* INSTRUCTIONS FOR THE TASK
Every line of the listing is returned unchanged, and every picture is dropped.
►
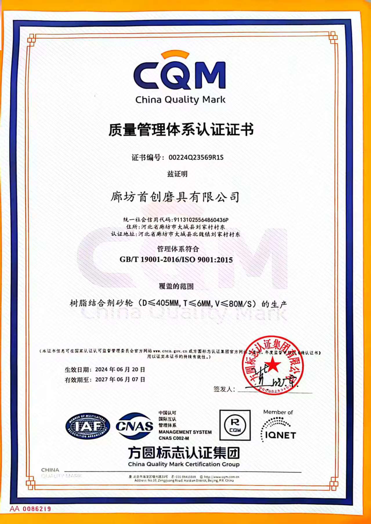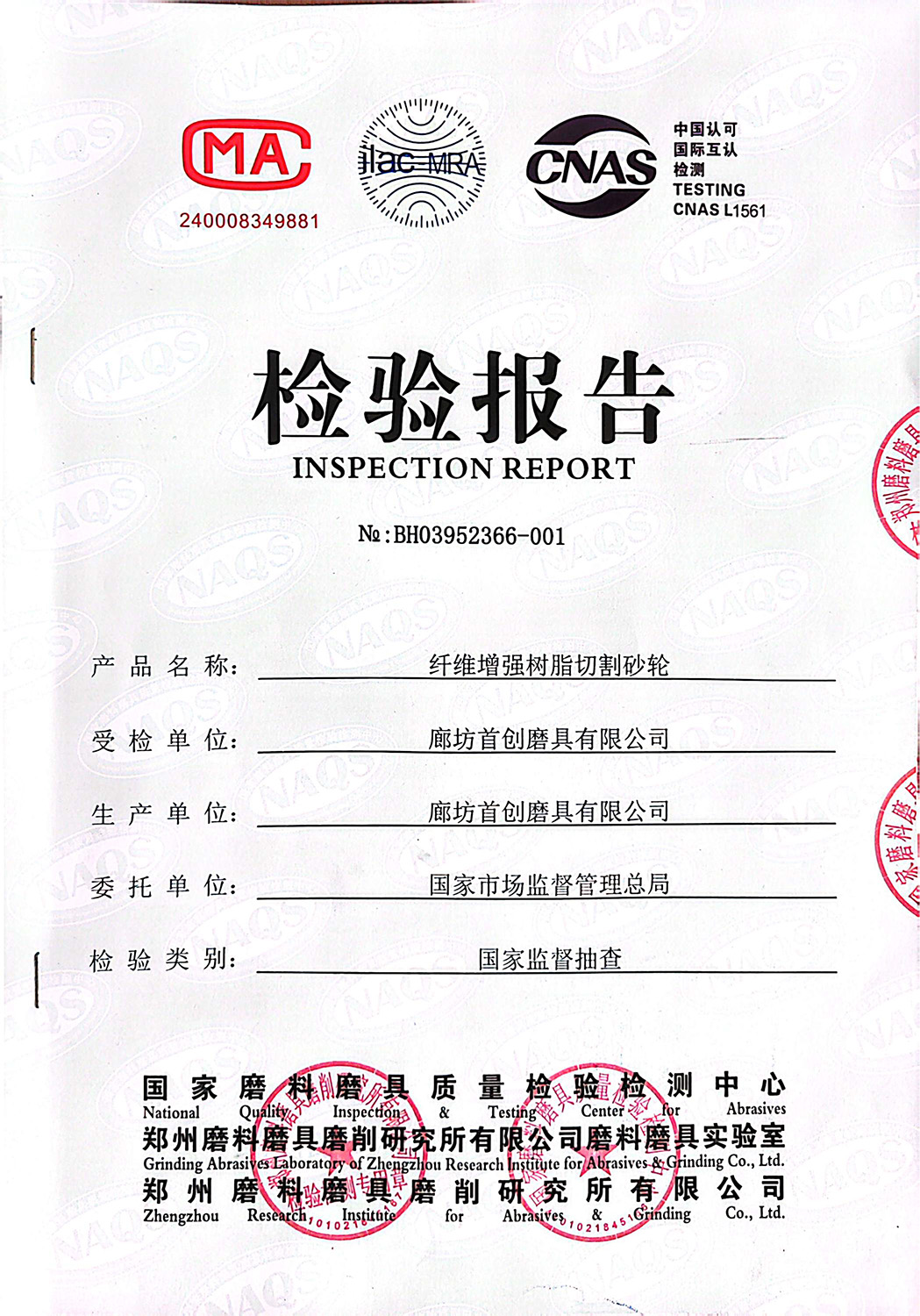 磨料磨具证书
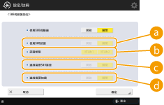 當 <連線需要加密> 設為 <開啟> 時,本機只能連接至支援 SMB v3.0 加密通訊的 SMB 伺服器。當 <指定SMB用戶端版本> 的 <1.0> 和 <2.0> 設為 <開啟>,但 <3.0> 未設為 <開啟> 時,本機無法連接至不支援 SMB v3.0 加密通訊的 SMB 伺服器。
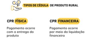 - CPR Financeira: o compromisso é de pagamento em dinheiro, com base no valor de mercado do produto na data do vencimento, acrescido de eventuais encargos.
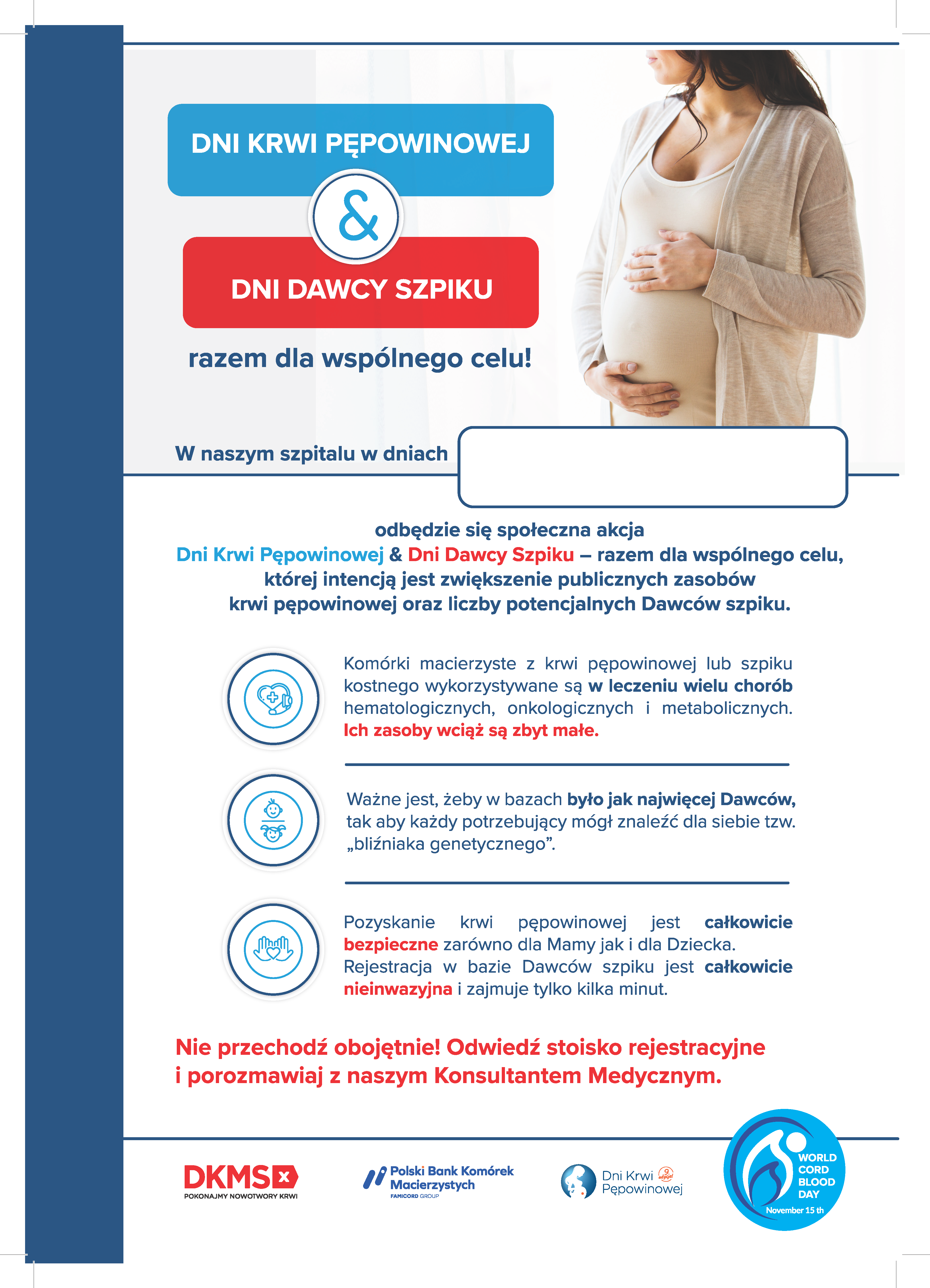 W dniach 17-26 listopada w wybranych szpitalach, w 8 województwach w Polsce: kujawsko-pomorskie, zachodniopomorskie, lubelskie, łódzkie, opolskie, mazowieckie, śląskie, wielkopolskie będzie można bezpłatne przekazać krew pępowinową na cele publiczne. Jednocześnie wszyscy obecni w oddziałach będą mogli zarejestrować się jako potencjalni dawcy szpiku kostnego w bazie dawców Fundacji DKMS. Każdy dawca szpiku, w zależności od liczby przeprowadzonych procedur, otrzyma odznakę honorową. Ponadto dzieci, których rodzice zdecydowali się oddać krew pępowinową, otrzymają specjalny certyfikat „Najmłodszego Honorowego Dawcy Krwi Pępowinowej”. Więcej informacji o akcji i placówkach biorących w niej udział TUTAJ [kliknij].
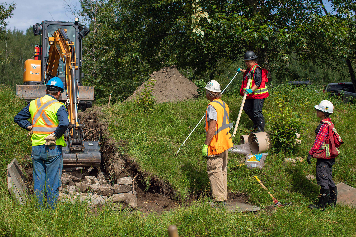 Artificial snake dens are built with rocks and soil to reduce the effects of the Site C project on garter snakes. (July 2020)
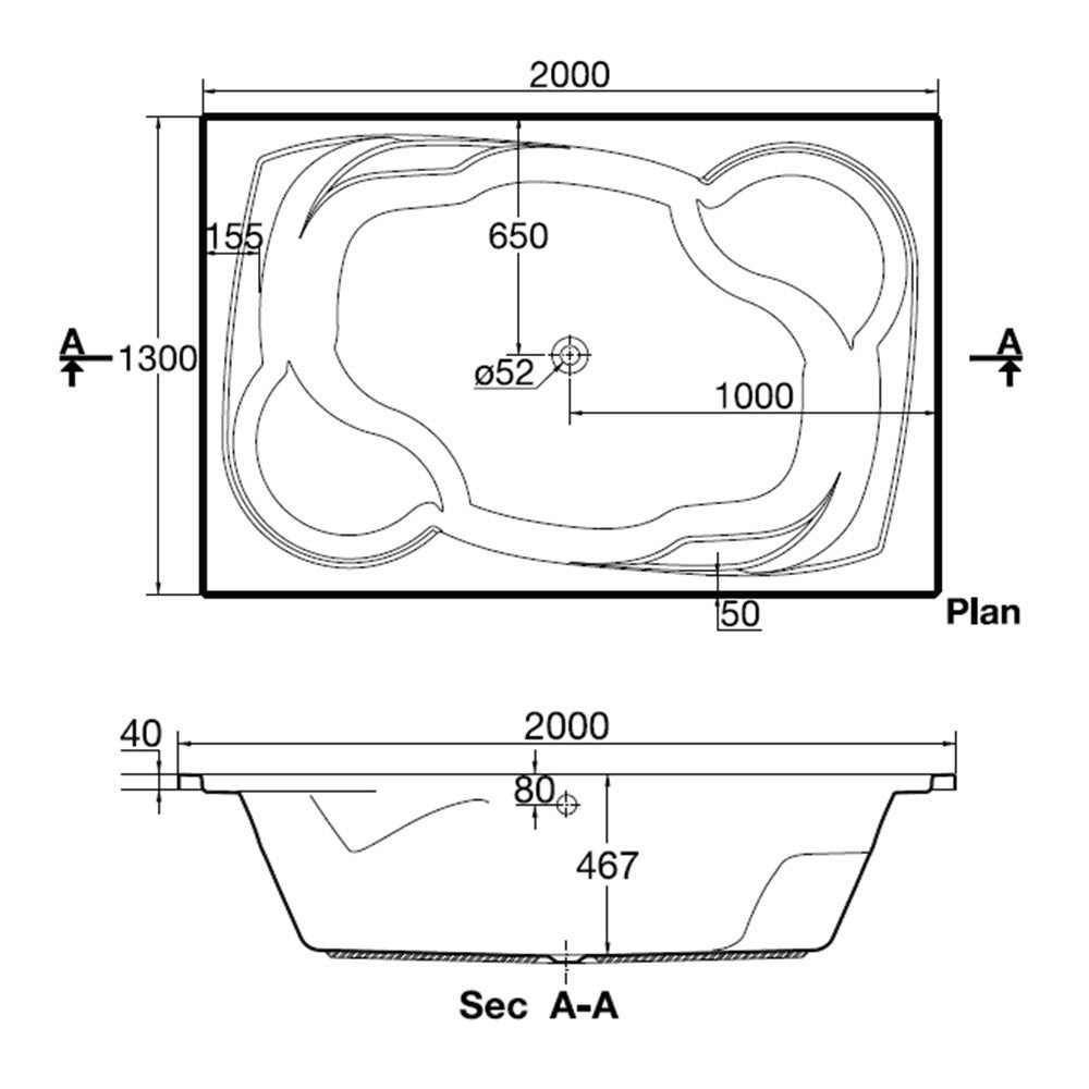 بانيو رى يونيون 200 × 130 سم بالطابق من أيديال ستاندرد
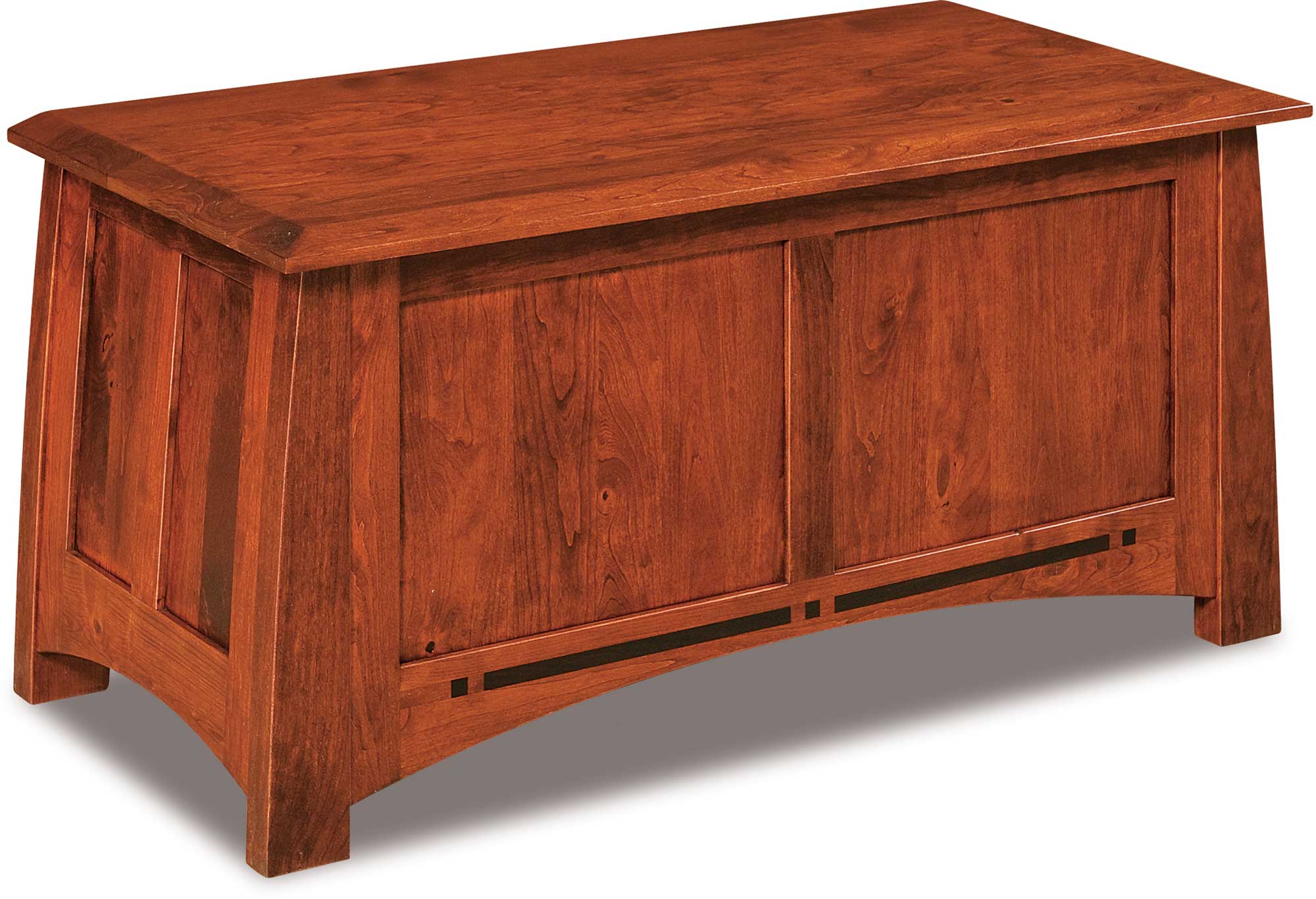 The best cabinetmakers in the Midwest meticulously handcraft each Boulder Creek Blanket Chest. Also, these Amish artisans use regional hardwoods. Like maple, elm, hickory and oak. As a result, you’ll find the blanket chest to be incredibly strong and long-lasting. In fact, with proper care, it should store your family’s treasures for generations to come.
◄
* TASK RESPONSE
 磨料磨具证书
 當 <連線需要加密> 設為 <開啟> 時,本機只能連接至支援 SMB v3.0 加密通訊的 SMB 伺服器。當 <指定SMB用戶端版本> 的 <1.0> 和 <2.0> 設為 <開啟>,但 <3.0> 未設為 <開啟> 時,本機無法連接至不支援 SMB v3.0 加密通訊的 SMB 伺服器。
 - CPR Financeira: o compromisso é de pagamento em dinheiro, com base no valor de mercado do produto na data do vencimento, acrescido de eventuais encargos.
 W dniach 17-26 listopada w wybranych szpitalach, w 8 województwach w Polsce: kujawsko-pomorskie, zachodniopomorskie, lubelskie, łódzkie, opolskie, mazowieckie, śląskie, wielkopolskie będzie można bezpłatne przekazać krew pępowinową na cele publiczne. Jednocześnie wszyscy obecni w oddziałach będą mogli zarejestrować się jako potencjalni dawcy szpiku kostnego w bazie dawców Fundacji DKMS. Każdy dawca szpiku, w zależności od liczby przeprowadzonych procedur, otrzyma odznakę honorową. Ponadto dzieci, których rodzice zdecydowali się oddać krew pępowinową, otrzymają specjalny certyfikat „Najmłodszego Honorowego Dawcy Krwi Pępowinowej”. Więcej informacji o akcji i placówkach biorących w niej udział TUTAJ [kliknij].
 Artificial snake dens are built with rocks and soil to reduce the effects of the Site C project on garter snakes. (July 2020)
 بانيو رى يونيون 200 × 130 سم بالطابق من أيديال ستاندرد
 The best cabinetmakers in the Midwest meticulously handcraft each Boulder Creek Blanket Chest. Also, these Amish artisans use regional hardwoods. Like maple, elm, hickory and oak. As a result, you’ll find the blanket chest to be incredibly strong and long-lasting. In fact, with proper care, it should store your family’s treasures for generations to come.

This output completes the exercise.